| HN Mirror

Y	Hacker News new \| ask \| show \| jobs


	by tptacek 4092 days ago
	Write a disassembler at least once. It's much easier than you think it is (even with X86) --- it's essentially a file format parser --- and very illuminating.

4 comments

userbinator 4091 days ago

It's also much easier to decode x86 instructions when you look at them in octal instead of the hexadecimal that most tables use, since both the main opcode map and ModRM/SIB are organised in a 2-3-3 layout:

http://reocities.com/SiliconValley/heights/7052/opcode.txt

The 8080/8085/Z80 instruction sets also look much better in octal:

http://www.z80.info/decoding.htm

link

101914 4091 days ago

This comment validates all the time I have "wasted" reading HN over the years.

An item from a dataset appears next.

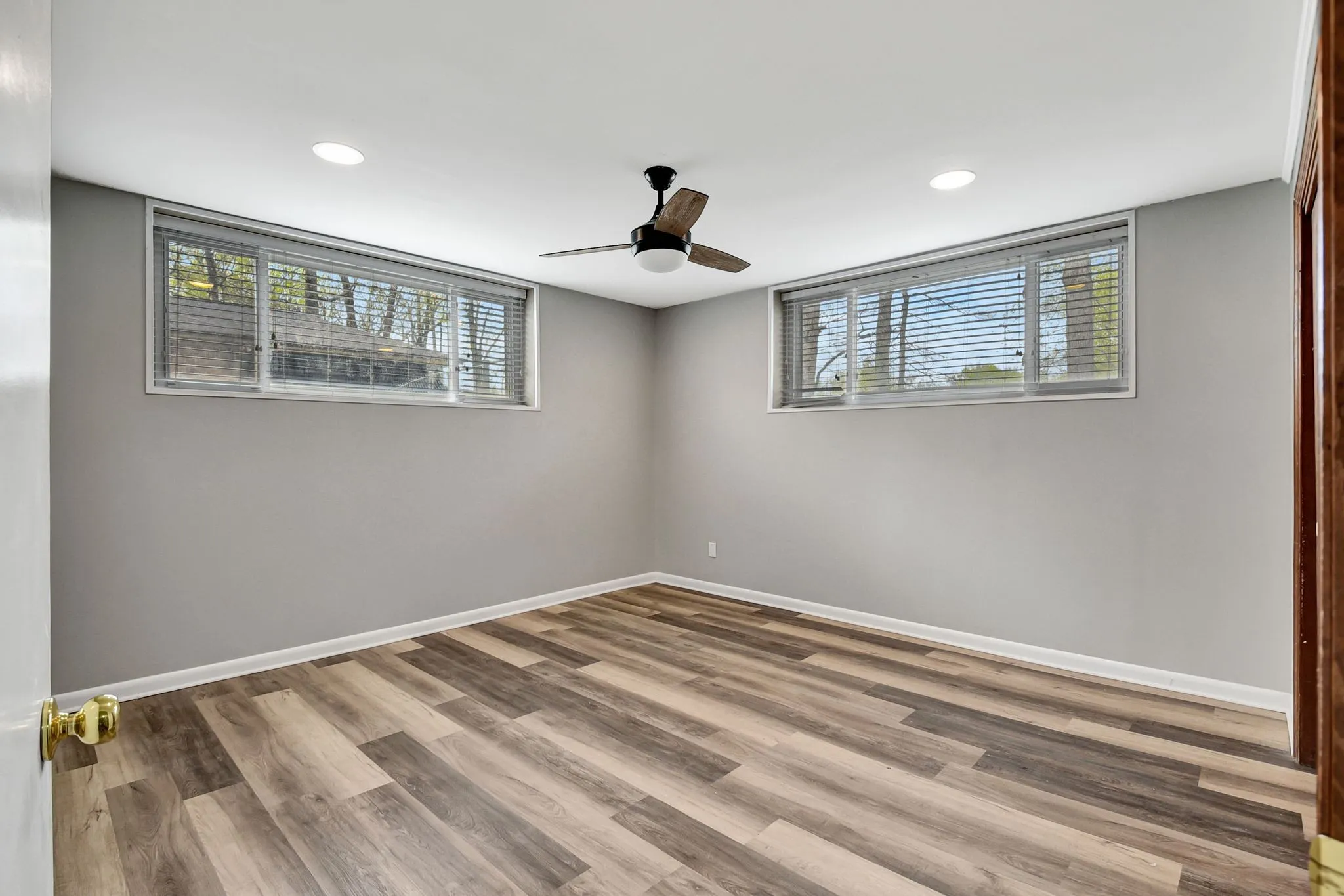 Recent updates include a new roof (Aug. 2024), gutters and gutter guards replaced less than two years ago, energy-efficient front and back doors, new electrical panel, foundation repair with full warranty, LVP flooring in approximately 90% of the basement, and new garage doors.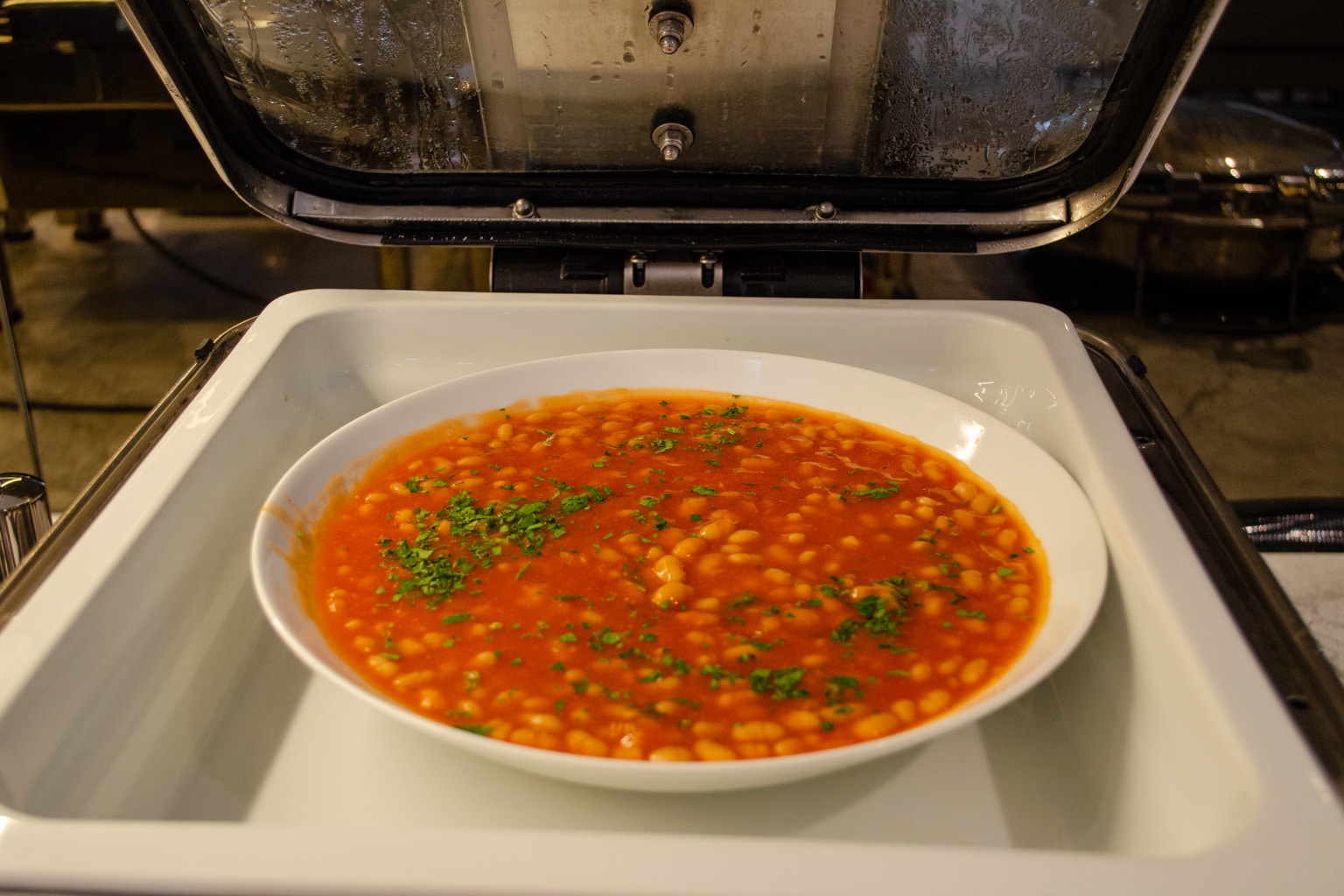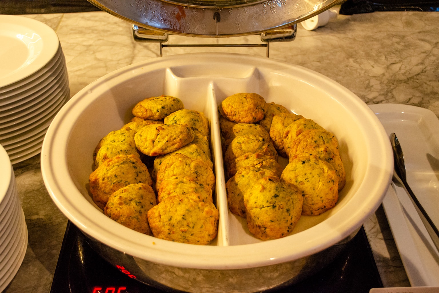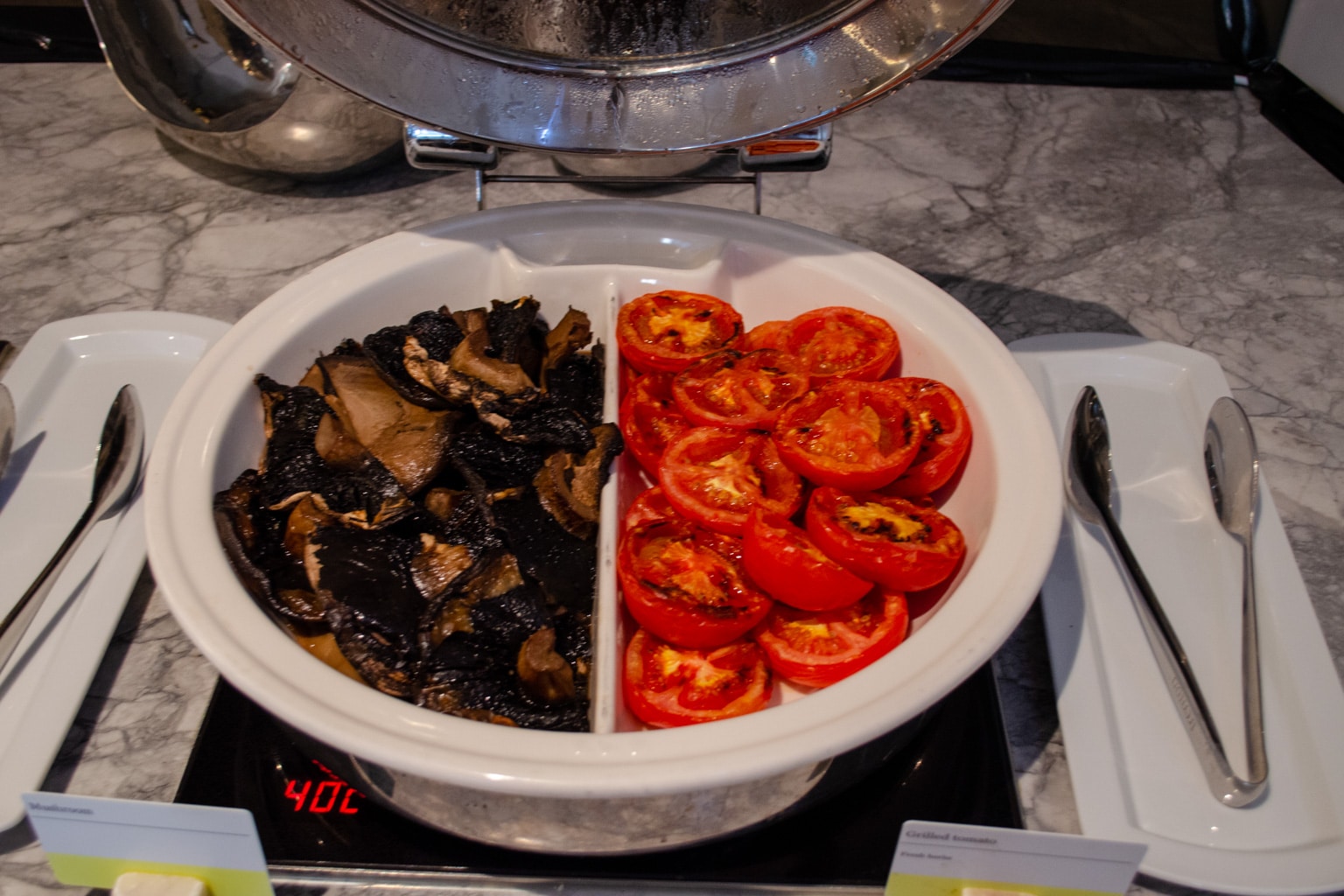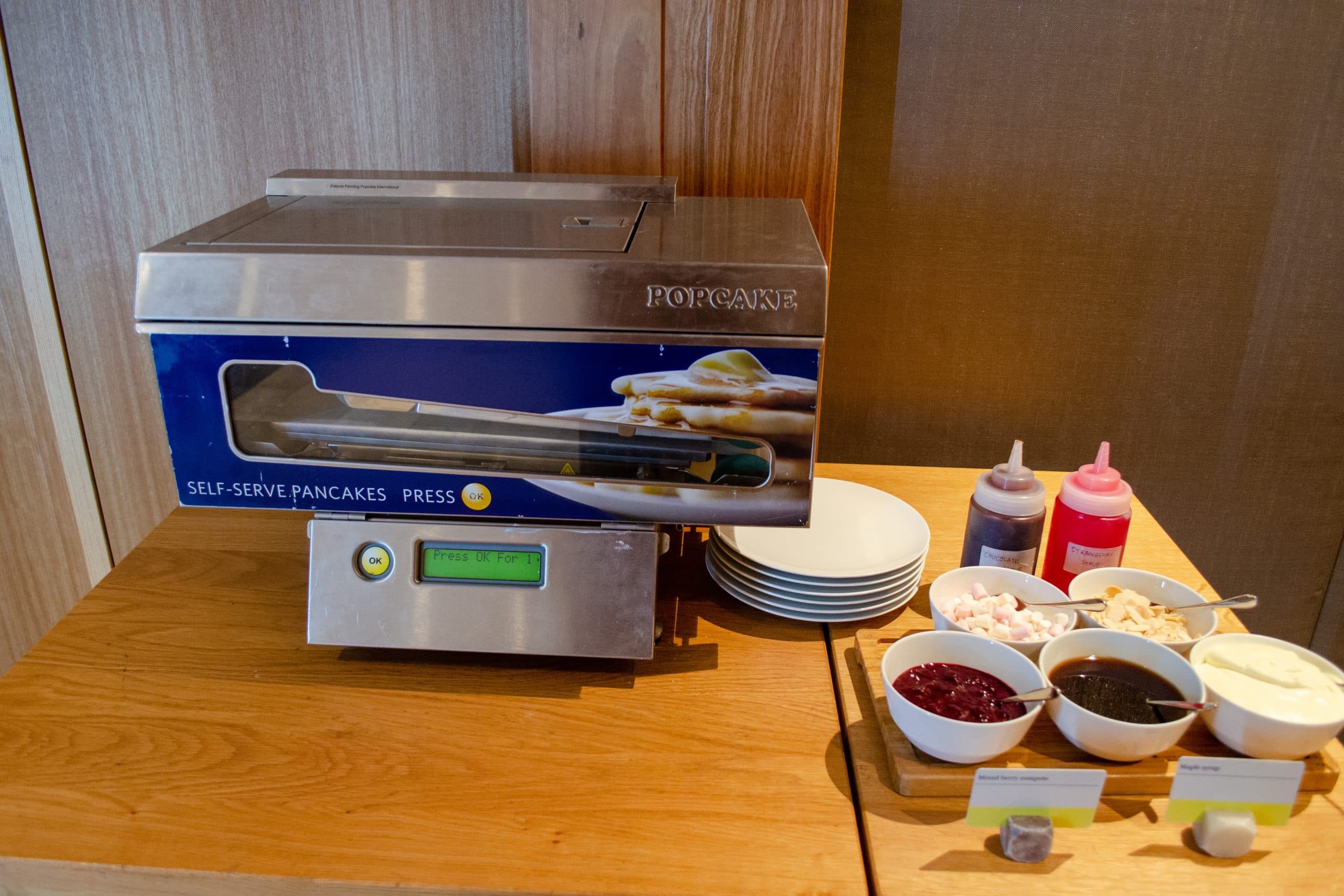The buffet area is stocked with a reasonable selection of hot and cold items. You’ll find many classic staples, such as scrambled eggs, sausages, bacon, baked beans, fried tomatoes, and mushrooms, as well as a pancake machine with a number of toppings.

It does not suprise me that something so simple would be so well overlooked (or, at least, "forgotten"). I wonder if I ever would have figured this out from my own readings and experiments. Doubtful.

Great tip!

link

userbinator 4091 days ago

I figured it out before/without exposure to that document, but I attribute it to the fact that I started teaching myself at a time when octal was more common amongst mini and micro-computers; most programmers these days barely know any number base other than decimal, and of those who do, binary and hexadecimal are likely far more familiar to them than octal. The official Intel/AMD manuals make no reference to octal either, using only binary and hex.

As an aside, ARM opcodes are (mostly) hex-structured with 4-bit fields, while MIPS, POWER, and SPARC are not amenable to any standard number base except binary (5- and 6-bit fields.)

link

tptacek 4091 days ago

I had no idea! This is very cool.

link

tptacek 4091 days ago

This is seriously exploding my brain. Thank you for posting it.

link

peterfirefly 4091 days ago

And that's really interesting (and puzzling).

You are clearly intelligent, well educated, etc. and blah blah blah.

Yet, you somehow missed that.

If you can explain why, it would probably be something we could all learn from. At the very least, it would be interesting.

Is it because you learned x86 before you learned octal and never really reexamined the encoding?

(The PDP-11 machine code also looks best in octal, btw.)

link

danieljh 4092 days ago

As someone looking more into x86_64 assembly, instruction encoding, syscalls and ELF files recently, not only the lack of good starting points but also the amount of work required to get into it is a pity.

I'm currently using [0] as a helping hand among other resources which is quite good; my maybe not-so-interesting results are at [1].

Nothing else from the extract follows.